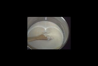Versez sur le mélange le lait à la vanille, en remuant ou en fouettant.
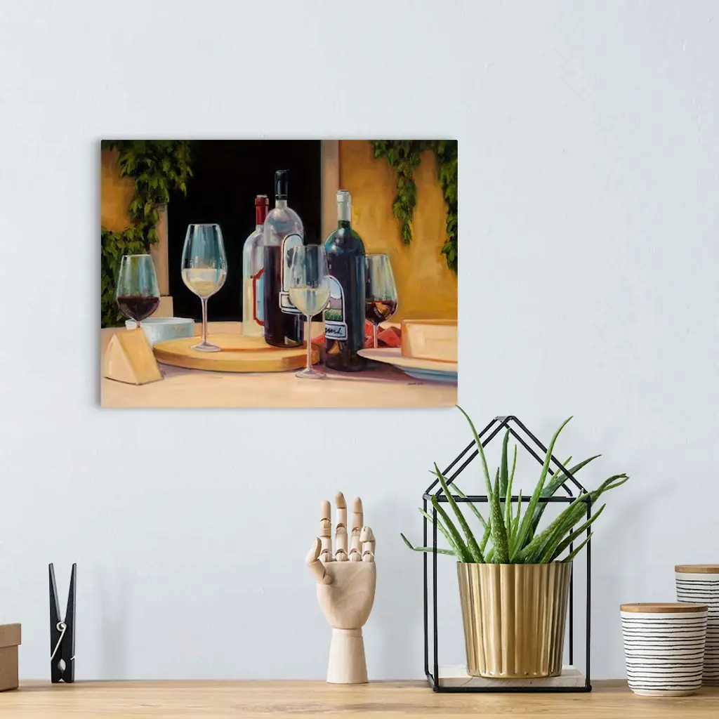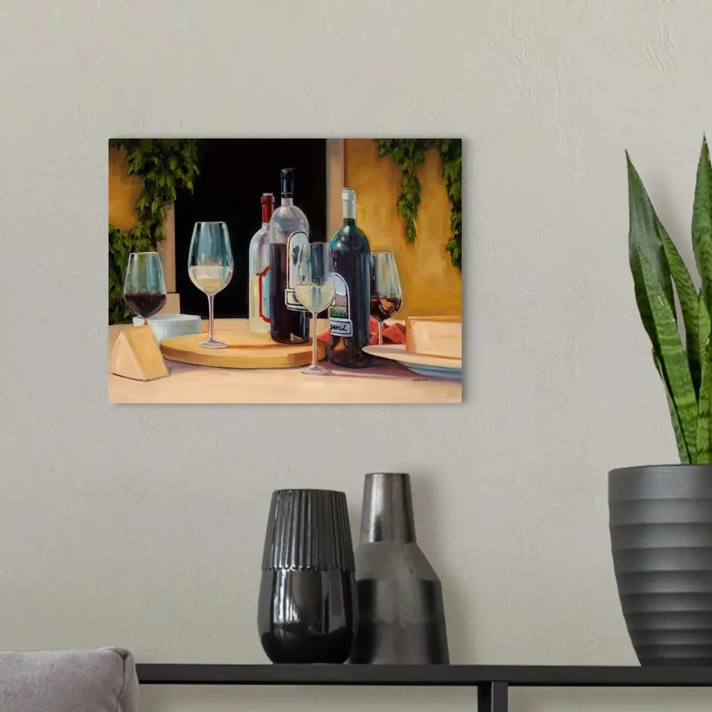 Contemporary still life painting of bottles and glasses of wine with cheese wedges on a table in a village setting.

...

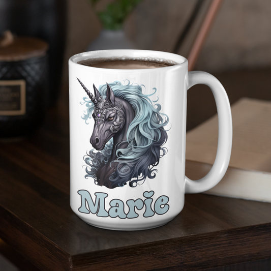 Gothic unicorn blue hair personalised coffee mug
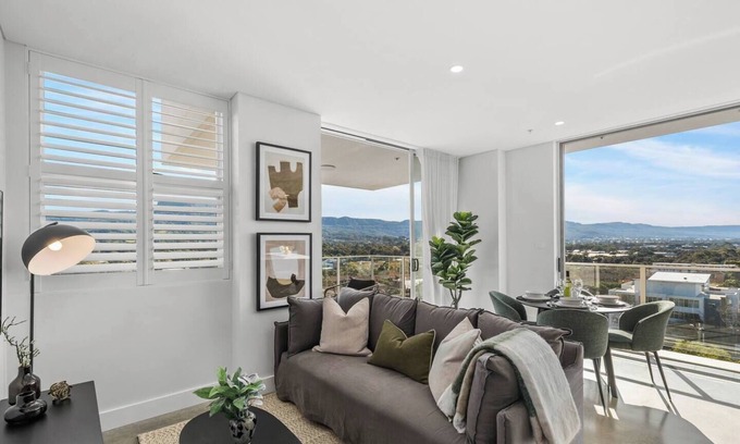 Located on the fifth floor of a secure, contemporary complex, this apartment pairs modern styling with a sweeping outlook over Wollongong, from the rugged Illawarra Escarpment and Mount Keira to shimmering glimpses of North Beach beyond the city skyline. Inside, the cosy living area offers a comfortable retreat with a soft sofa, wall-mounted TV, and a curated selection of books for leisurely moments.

● **The task**: Although pictures appear among the records above, write out exactly only the lines from the one that has "Gothic unicorn blue" through the one that has "Located on the", and leave the pictures out.

● **Result for this exercise**:
 Gothic unicorn blue hair personalised coffee mug
 Located on the fifth floor of a secure, contemporary complex, this apartment pairs modern styling with a sweeping outlook over Wollongong, from the rugged Illawarra Escarpment and Mount Keira to shimmering glimpses of North Beach beyond the city skyline. Inside, the cosy living area offers a comfortable retreat with a soft sofa, wall-mounted TV, and a curated selection of books for leisurely moments.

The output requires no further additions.